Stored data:
───

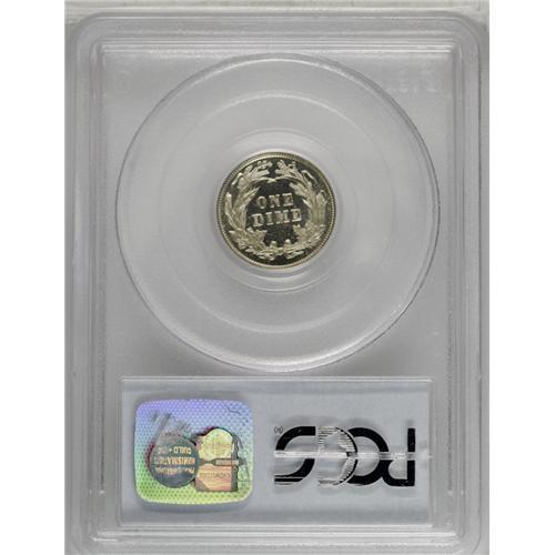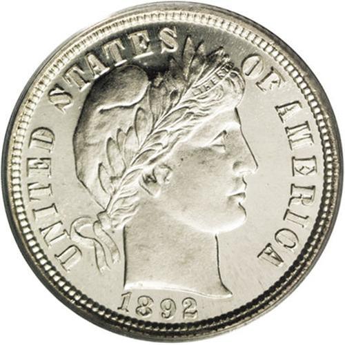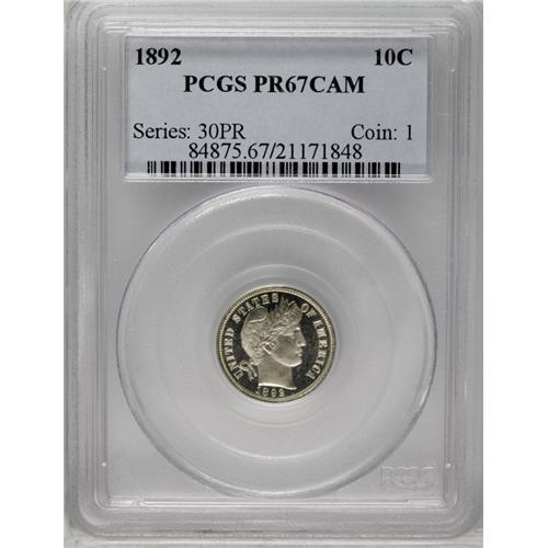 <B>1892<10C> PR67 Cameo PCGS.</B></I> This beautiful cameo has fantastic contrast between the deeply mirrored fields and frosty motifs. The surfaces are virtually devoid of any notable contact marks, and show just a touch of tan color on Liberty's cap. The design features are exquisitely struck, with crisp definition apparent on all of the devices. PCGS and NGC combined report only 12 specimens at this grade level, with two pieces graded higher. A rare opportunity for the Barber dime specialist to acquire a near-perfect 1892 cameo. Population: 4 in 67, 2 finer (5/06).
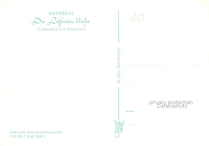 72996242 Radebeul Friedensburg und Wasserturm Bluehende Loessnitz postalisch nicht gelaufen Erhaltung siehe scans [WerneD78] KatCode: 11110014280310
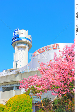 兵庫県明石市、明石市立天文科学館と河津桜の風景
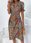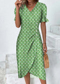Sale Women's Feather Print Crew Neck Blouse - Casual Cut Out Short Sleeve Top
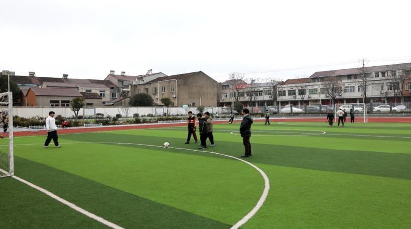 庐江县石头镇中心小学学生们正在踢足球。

───

Task brief >> Write out exactly the lines from the one containing "Sale Women's Feather" through the end of the records above, both included, leaving all pictures out.

Task output >>
Sale Women's Feather Print Crew Neck Blouse - Casual Cut Out Short Sleeve Top
 庐江县石头镇中心小学学生们正在踢足球。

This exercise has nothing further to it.